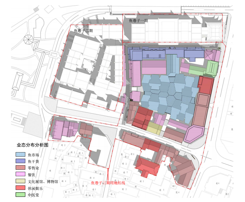 ? ? ? ?鱼巷子改造工程将综合打造鱼巷子街区,在保留原有区域内的渔业相关业态的基础上,对街区进行活化、优化、美化。将原有鲜活鱼业转移到改建综合市场内,外部转为鱼干货贩卖,进行干湿分离;并且在这个基础上引入文化展览展示、旅游服务、休闲娱乐、饮食等业态,进行合理、适度的旅游业开发转变。
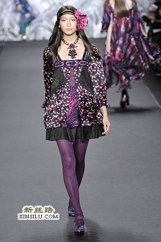在后台,Anna Sui谈到了她本季的主题:新艺术运动、拉菲尔前派、蒂凡尼的花瓶、丝绸碎褶、古斯塔夫•克里姆特,对了,还有西北太平洋地区的美洲印第安人。一场美丽的大杂烩?也许有些人是这样认为的。
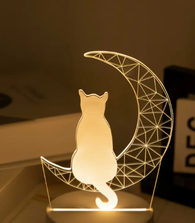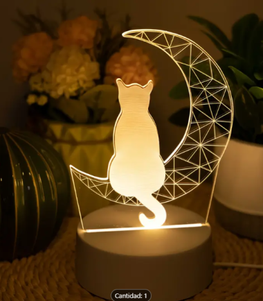 Ilumina tus noches con un toque mágico y felino gracias a esta lámpara LED con diseño de gato sobre una media luna geométrica. Su luz cálida y envolvente crea un ambiente acogedor y
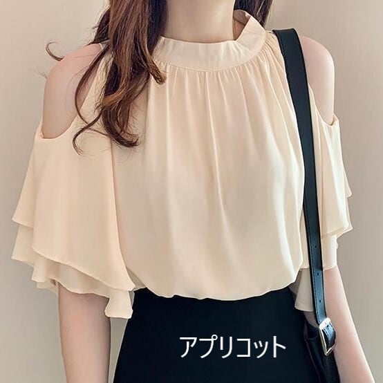 オープンショルダー 肩開き シャツ 半袖 フリル 軽い シフォン ブラウス 韓国 サマーファッション トレンディ トレンド 流行 人気デザイン 外国風 かわいい 大人きれい シンプル ふりふり 柔らかい ファッション レディース オルチャン 春 夏 無地 デート モテ 可愛い 大人可愛い きれいめ おしゃれ お洒落 かわいい 大人女子 個性的 清楚 華やか 存在感 主役級 S M L XL 10代 20代 お出かけ リゾート インスタ映え インポート ピンク アプリコット お出かけ お呼ばれ パーティー
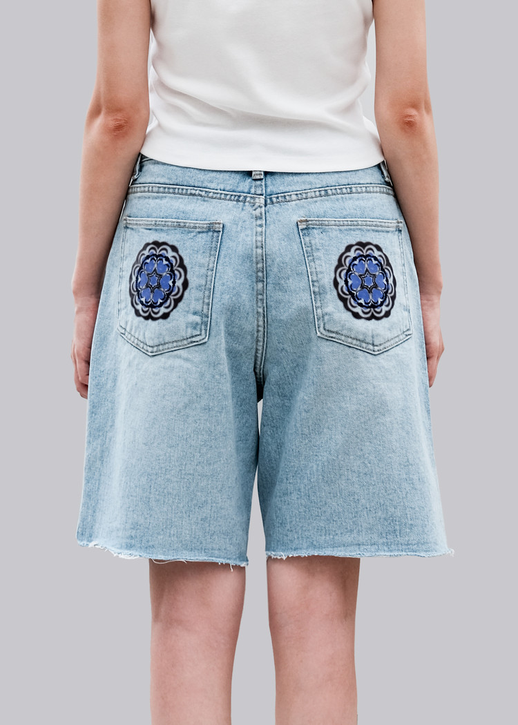- 깔끔한 연청 반바지 뒷면에 나염 스크린 기법으로 구름꽃 패턴이 프린트 된 쇼츠입니다.
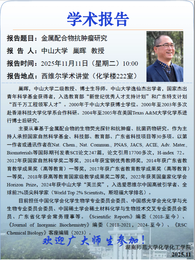 【学术报告】金属配合物抗肿瘤研究
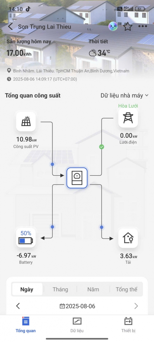 – Khi nguồn điện mặt trời thiếu, hệ thống sẽ bổ sung nguồn điện lưới để cung cấp cho các thiết bị điện và sạc cho pin lưu trữ lithium.

—————

ABOUT THIS TASK → With pictures excluded, the lines running from the one containing "- 깔끔한 연청 반바지" through the last line of the records above are to be restated exactly and in full.

WRITTEN SOLUTION →
- 깔끔한 연청 반바지 뒷면에 나염 스크린 기법으로 구름꽃 패턴이 프린트 된 쇼츠입니다.
 【学术报告】金属配合物抗肿瘤研究
 – Khi nguồn điện mặt trời thiếu, hệ thống sẽ bổ sung nguồn điện lưới để cung cấp cho các thiết bị điện và sạc cho pin lưu trữ lithium.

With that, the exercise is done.